Few have matched his significant investment in the high-risk and expensive R&D that has undoubtedly helped secure a future for safe, reliable multi-rotor machines.
His cost-effective innovations -- such as the ‘salad bowl’ MikroKopter, water-proofed in a plastic kitchenware container enabling it to not only hover safely over water, but to land on the surface for underwater footage, and to manoeuvre around like a ship -- are folklore on RC forums.
And few can match his resultant perspective of the shortcomings of many of the machines and components currently on the market. Says Jardine: “Generally speaking, aluminium frames have too much flex. Carbon frames, generally copies of the MikroKopter designs and centre plates, are identical, and some are far too flimsy. Hand-made Russian frames, while they show character, are not well-machined and are not asymmetrical. The fibreglass deX Quad, at a cost of E150, is light, superstrong and flies better than any -- but it has supply and demand issues.”
A mounting frustration with quality and design shortcomings of numerous components in the marketplace has driven Jardine to the decision to manufacture his own frames and to source the best components from Germany, Russia, the Czech Republic, Croatia and China, with a resolve to building the best multi-rotor on the market. “You always have to be moving forward, at a fast rate,” he says. “You can’t put the brakes on technology.
“I subscribe to the business philosophy that you should do what you love most in order to be successful. For me, that involves research and development combined with hundreds of hours flying multi-rotors. Perhaps ‘flying‘ is no longer the correct terminology for what we do. I think of it more as parking a camera in any given 3D space, on the most secure, stable platform we can provide. I am confident our exacting standards will give the new generation of Aerobot machines an edge in the burgeoning civilian market for multi-rotors.”
Felicity Durham - Director
Felicity Durham is the public face of Aerobot.
As a pilot, she still has her multi-copter ‘L’ Plates on.
But Felicity is the ‘back office’ powerhouse behind the rapidly growing global Aerobot brand.
Since meeting life and business partner Simon Jardine at Great Keppel Island, North Queensland, in 2006, Felicity has played a key strategic role in the growth of the business, given her responsibility for sales and marketing, training, photography and customer liaison and support. “Multi-rotors are our way of life,” Felicity says. “We literally live and breathe aerobots.”

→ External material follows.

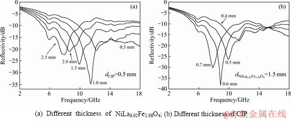 图8 CIP和NiLa0.02Fe1.98O4在不同厚度下的反射率曲线

Felicity has driven website development for Aerobot, resulting in one of the industry’s most comprehensive on-line shopping facilities, backed up by her development and publication online of training manuals, Manufacturer Training as required by CASA, and product assessments based on customer experience and Aerobot’s R&D program.
Her manual development includes detailed explanations of components and functions; PID Algorithms; flight safety processes and checks; and LithiumPoly battery management and not to mention all the tips and tricks for successful flight learned over the last 4 years.